> **MATERIAL FOR THIS EXERCISE**
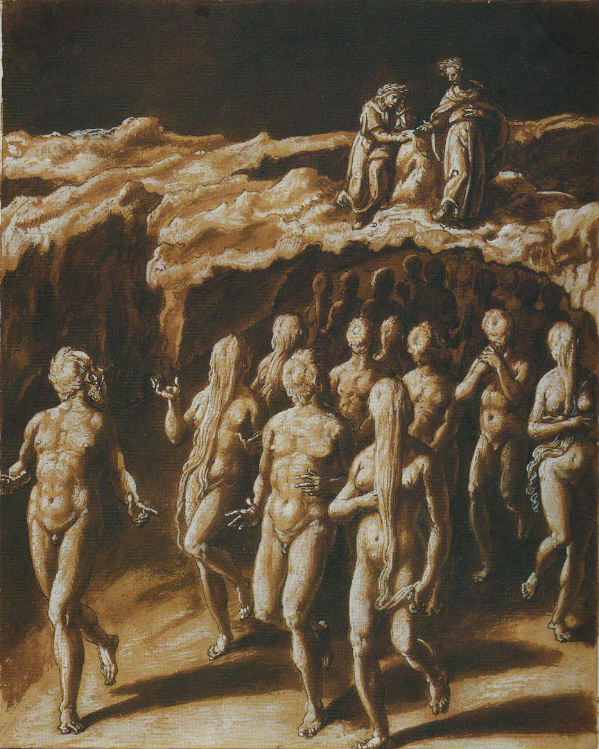 Illustration of Dante's Inferno, Canto 20
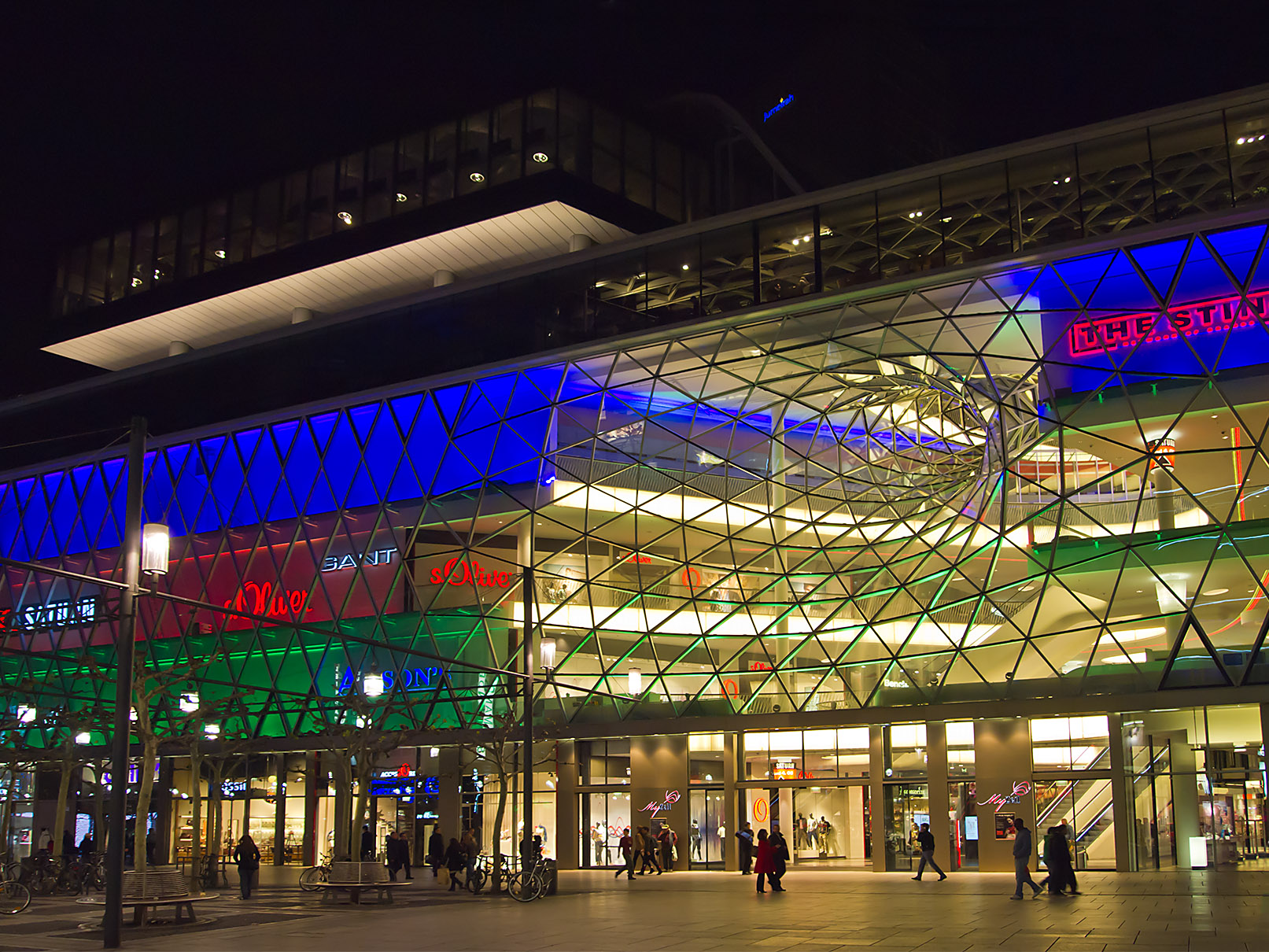 Shopping mall MyZeil in the city center of Frankfurt
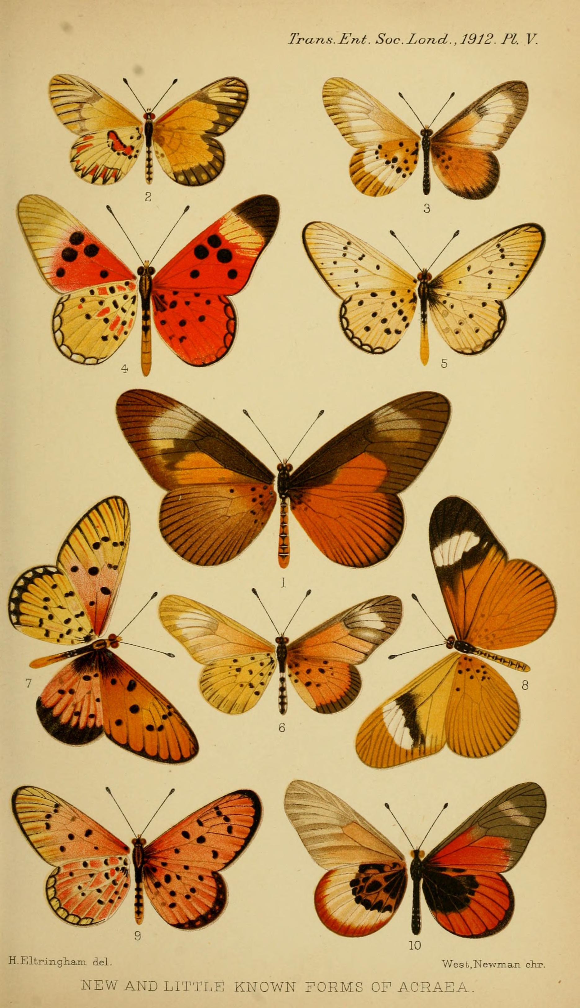 Eltringham, H, 1912, A Monograph of the African species of the Genus Acraea, Fab., with a supplement on those of the Oriental Region.Transactions of the Royal Entomological Society of London Volume 60, Issue 1, pages 1-369 Plate 5 text 1 Acraea jodutta f. castanea Eltringham, 1912 2 Acraea terpsichore rangatana Eltringham, 1912 synoym for Acraea rangatana Eltringham, 1912 3 Acraea penelope f. penella Eltringham, 1912 4 Acraea acrita bellona Weymer, 1908 synonym for Acraea bellona Weymer, 1908 5 Acraea equatorialis anaemia Eltringham, 1912 6 Acraea aubyni Eltringham, 1912 7 Acraea periphanes f. umida synonym for Acraea periphanes Oberthür, 1893 8 Acraea jodutta f. inaureata Eltringham, 1912 synonym for Acraea esebria Hewitson, 1861 9 Acraea nohara punctellata Eltringham, 1912 synonym for Acraea punctellata 10 Acraea baxteri Sharpe, 1902
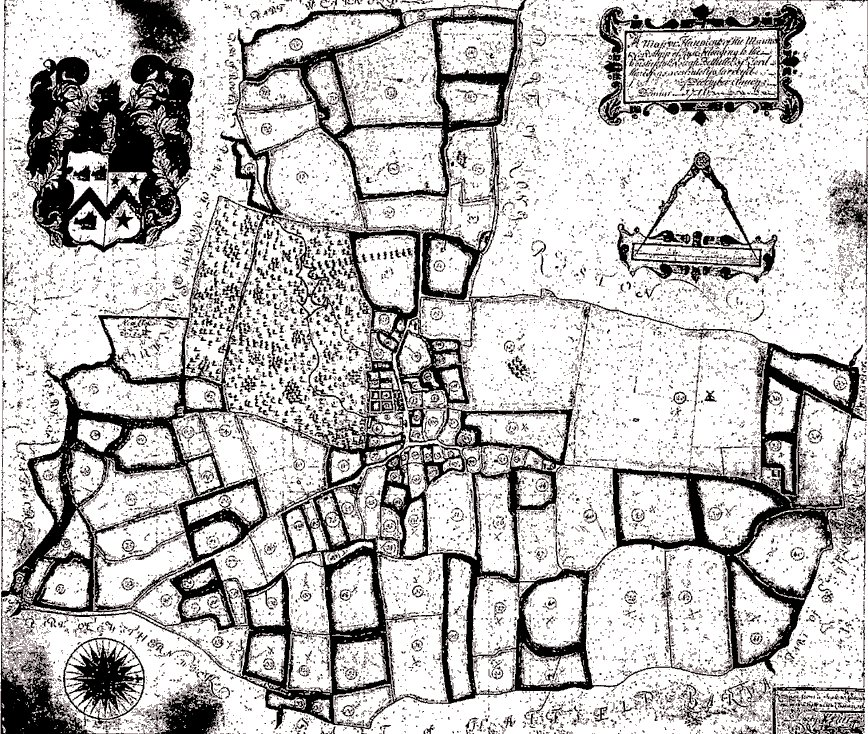 Rise Hall, Rise, East Riding of Yorkshire, England. Map of Rise Hall estate created in 1716, North of Map is to the right of the image.
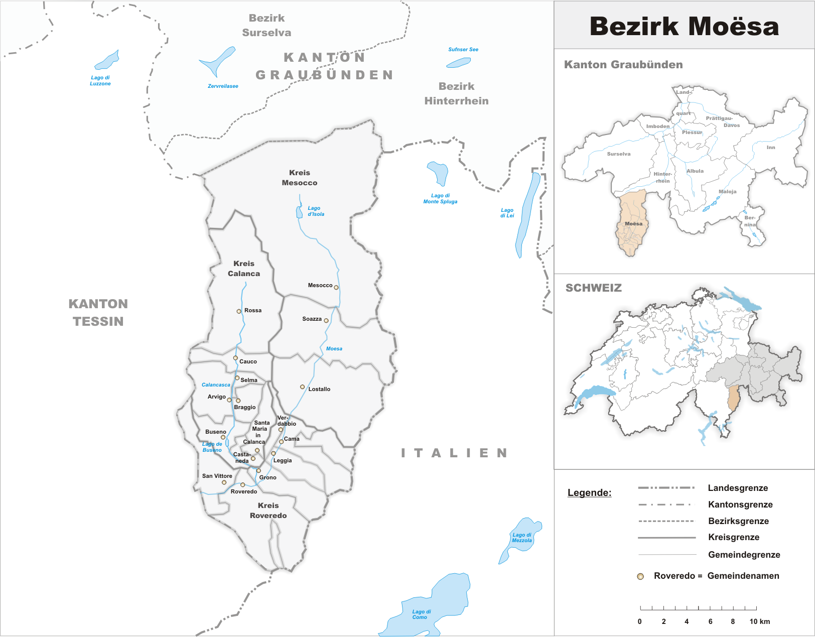 Municipalities in the district of Moësa
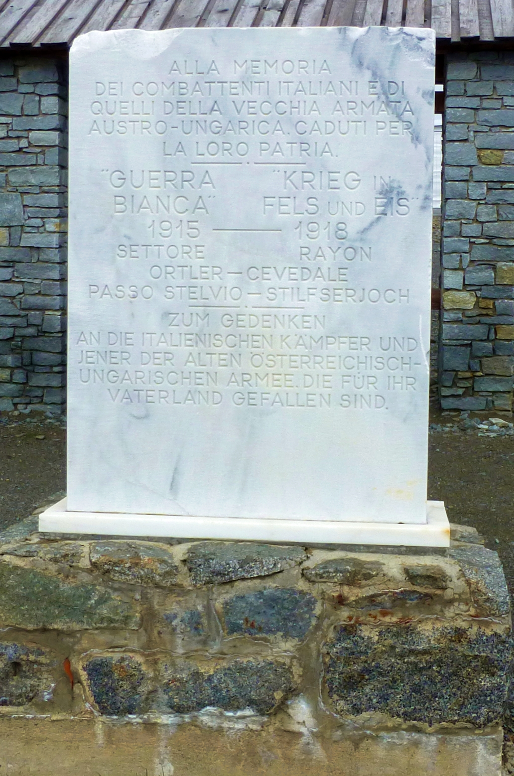 Memorial plaque at Stelvio Pass for the war in the Alps in 1915-1918 between Italy and Austria-Hungary
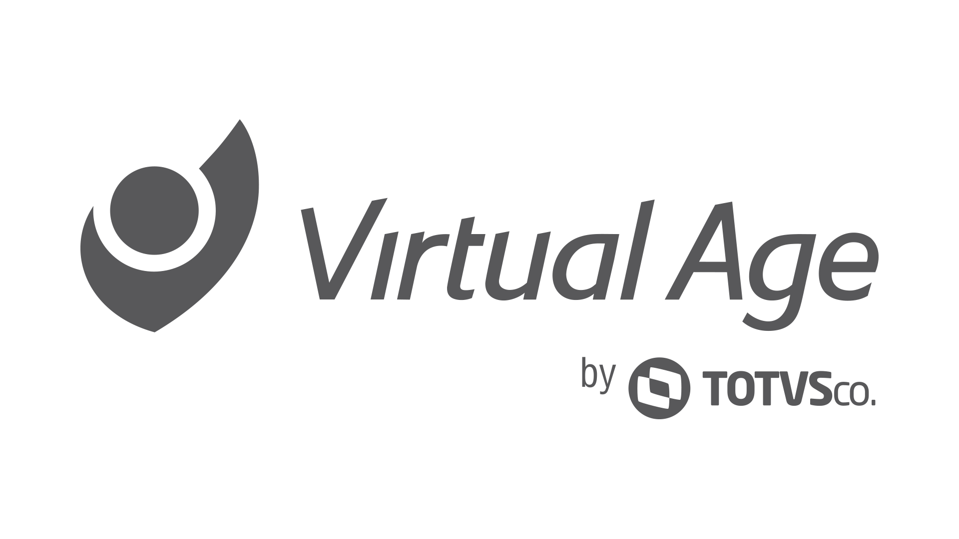 The official logo ot the Brazillian company Virtual Age
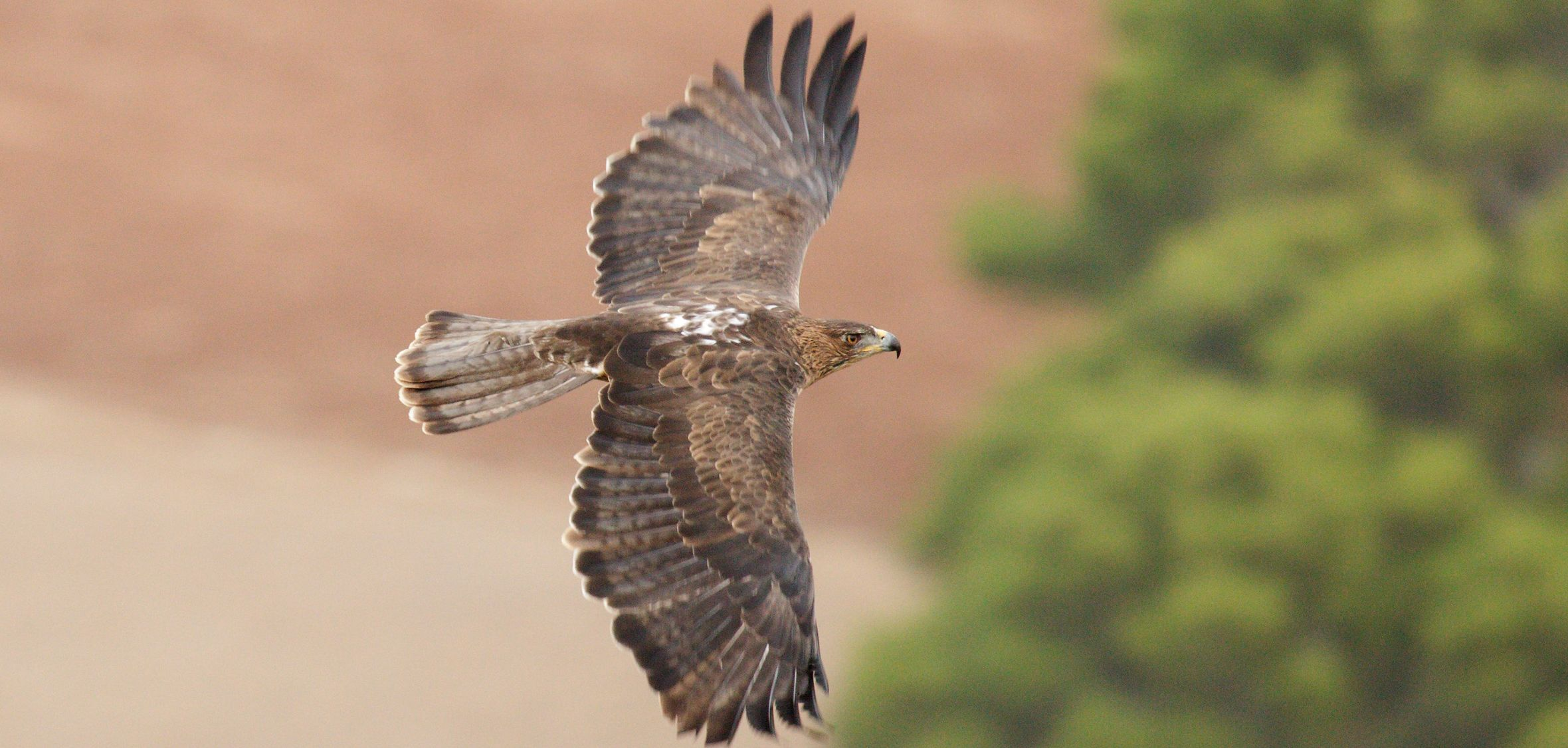 A Bonelli's Eagle in the Balearic Islands
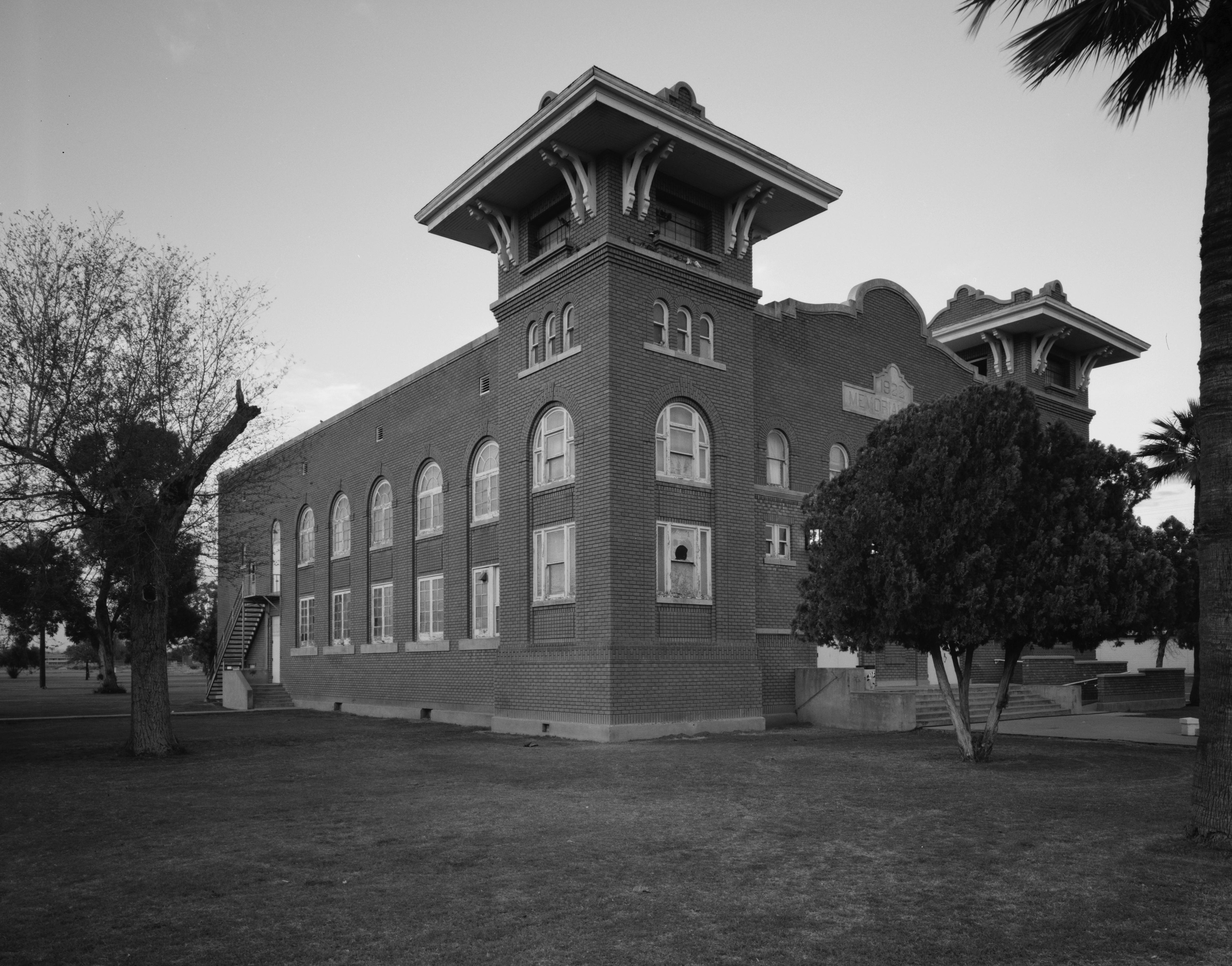 Front of Memorial Hall at the Phoenix Indian School — located at 300 E. Indian School Road in Phoenix, Arizona, United States. Built in 1922, the hall and other buildings at the school compose the Phoenix Indian School Historic District, which is listed on the National Register of Historic Places. 1990 image: HABS—Historic American Buildings Survey in Arizona.
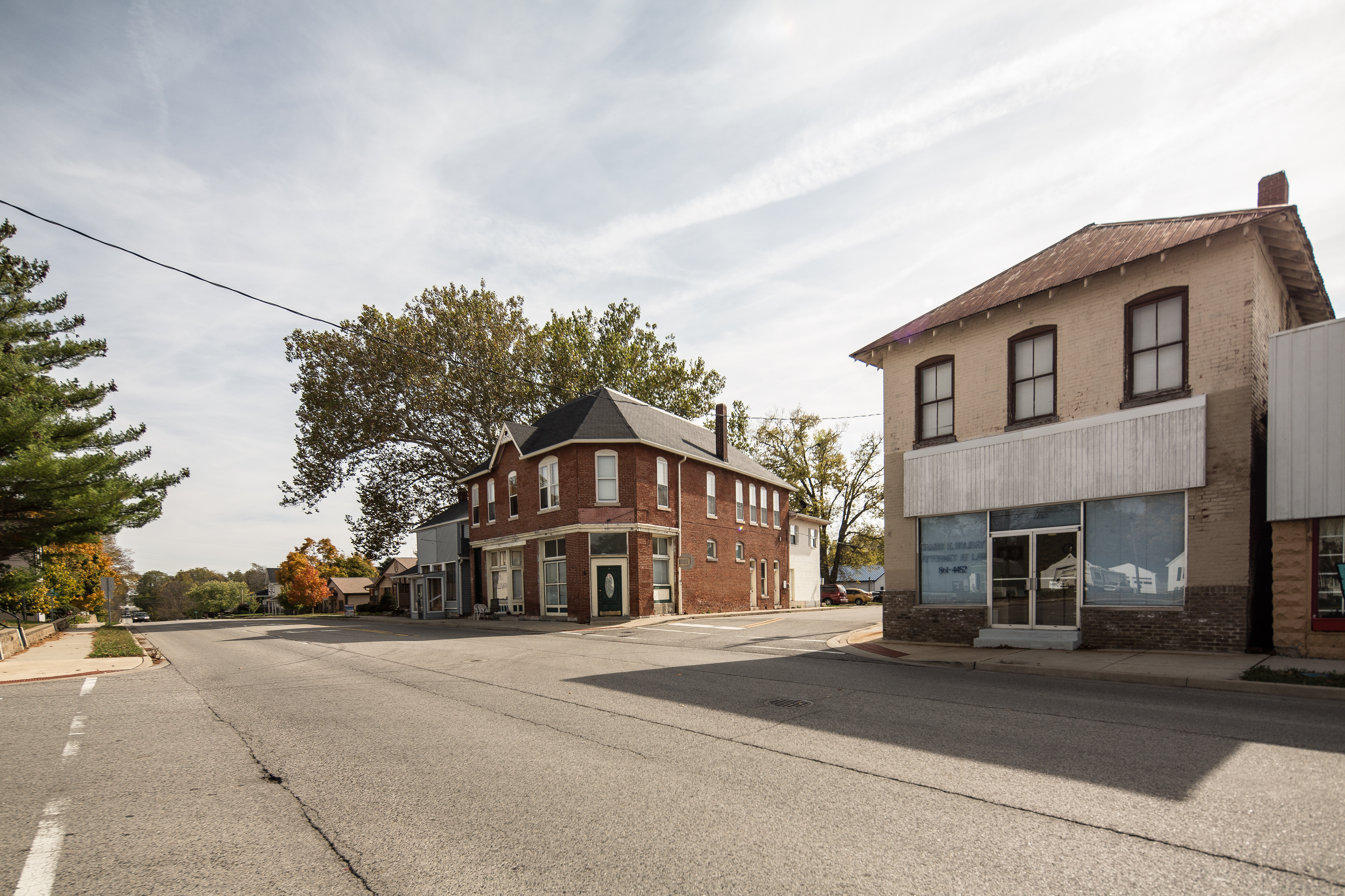 Photo from Small Town Indiana photo survey.

> **YOUR INSTRUCTIONS**
The records must come back exactly, with their pictures removed.

> **COMPLETED TASK**
 Illustration of Dante's Inferno, Canto 20
 Shopping mall MyZeil in the city center of Frankfurt
 Eltringham, H, 1912, A Monograph of the African species of the Genus Acraea, Fab., with a supplement on those of the Oriental Region.Transactions of the Royal Entomological Society of London Volume 60, Issue 1, pages 1-369 Plate 5 text 1 Acraea jodutta f. castanea Eltringham, 1912 2 Acraea terpsichore rangatana Eltringham, 1912 synoym for Acraea rangatana Eltringham, 1912 3 Acraea penelope f. penella Eltringham, 1912 4 Acraea acrita bellona Weymer, 1908 synonym for Acraea bellona Weymer, 1908 5 Acraea equatorialis anaemia Eltringham, 1912 6 Acraea aubyni Eltringham, 1912 7 Acraea periphanes f. umida synonym for Acraea periphanes Oberthür, 1893 8 Acraea jodutta f. inaureata Eltringham, 1912 synonym for Acraea esebria Hewitson, 1861 9 Acraea nohara punctellata Eltringham, 1912 synonym for Acraea punctellata 10 Acraea baxteri Sharpe, 1902
 Rise Hall, Rise, East Riding of Yorkshire, England. Map of Rise Hall estate created in 1716, North of Map is to the right of the image.
 Municipalities in the district of Moësa
 Memorial plaque at Stelvio Pass for the war in the Alps in 1915-1918 between Italy and Austria-Hungary
 The official logo ot the Brazillian company Virtual Age
 A Bonelli's Eagle in the Balearic Islands
 Front of Memorial Hall at the Phoenix Indian School — located at 300 E. Indian School Road in Phoenix, Arizona, United States. Built in 1922, the hall and other buildings at the school compose the Phoenix Indian School Historic District, which is listed on the National Register of Historic Places. 1990 image: HABS—Historic American Buildings Survey in Arizona.
 Photo from Small Town Indiana photo survey.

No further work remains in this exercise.